Edukacja

Illuminating enlightenment

 

Marcin Wicha
Illuminating enlightenment

 

1.

Education, enlightenment, lighting (oświata, oświecenie, oświetlenie): three words that over the past hundred years have often swapped meanings.

The traditional school iconography we still keep in a drawer somewhere (if not at home, then at our parents’) was full of enlightenment symbols. It’s enough to look at old school certificates, insignia, ID cards and banners, and we will find a whole gallery of suns, torches, oil lamps (raised before the nation), flames and sparks.
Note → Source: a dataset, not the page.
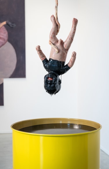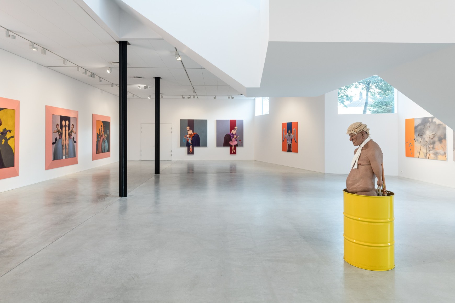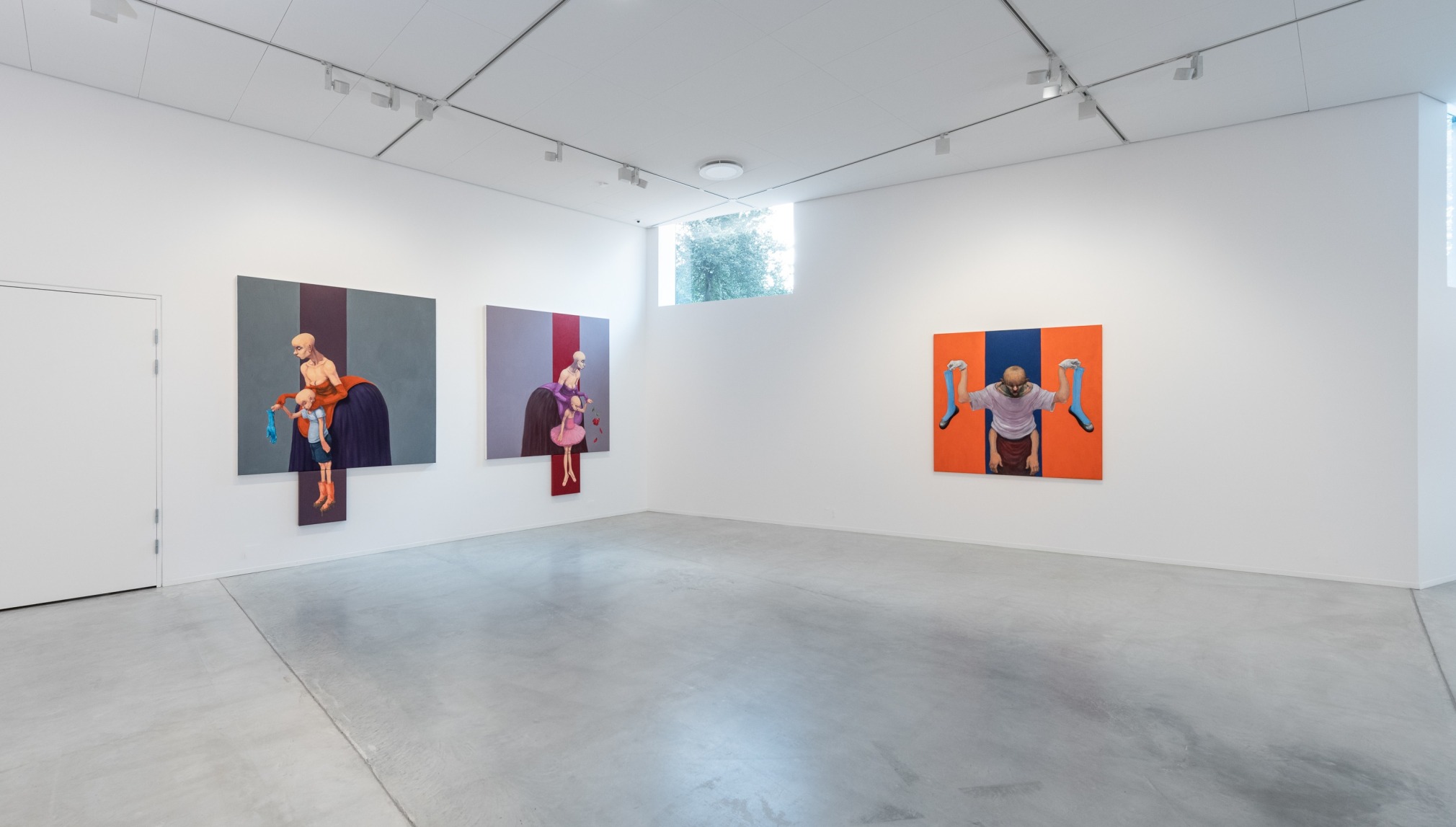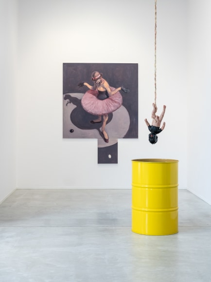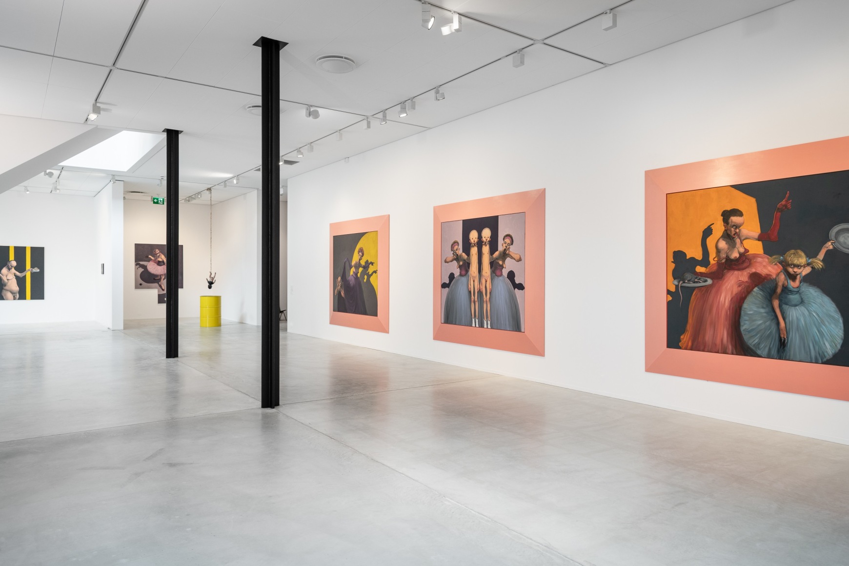 Kvium’s art deals with existential subjects, and shows uncompromising portrayals of the aspects of life that we rather hide than expose to observation; I call 3 larger works “ tap scenes" with the completely hidden reference to the concept "Soap Opera", we know from TV productions. Something mundane that continues indefinitely and superficially smooth on the surface. Soap is usually something we associate with cleanliness, but it is also something we can slip into and fall to the ground. We speak figuratively of washing our hands when we renounce responsibility. In soap-coloured frames, I have painted visual soap-operas based on everyday-like scenes in paradoxical situations. When the unbearable blindness of everyday life is peeled off, we are left with a reality that most often questions the boundaries we stay within or cling to.

Interestingly, many of these emblems have disappeared in recent years. Instead of the sun of reason, more and more often it is the mortarboard, the squared-off headgear peculiar to American graduates, that serves as a symbol of education. A sign of status, an emblem of individual success achieved by the buyer of educational services.

2.

Universal schooling is a product of the enlightenment. Schools are a decentralized museum of modernity and modernization.

The same schools—institutions with their exams, tests, averages, absurdly hierarchical structure, inequality, violence, rivalry, persecution of minorities, powerlessness in the face of a changing world—reveal what enlightenment means today. What it has changed into. What is left of it.

3.

The political dispute has only caused issues of education to become a subject of interest today among the liberal public.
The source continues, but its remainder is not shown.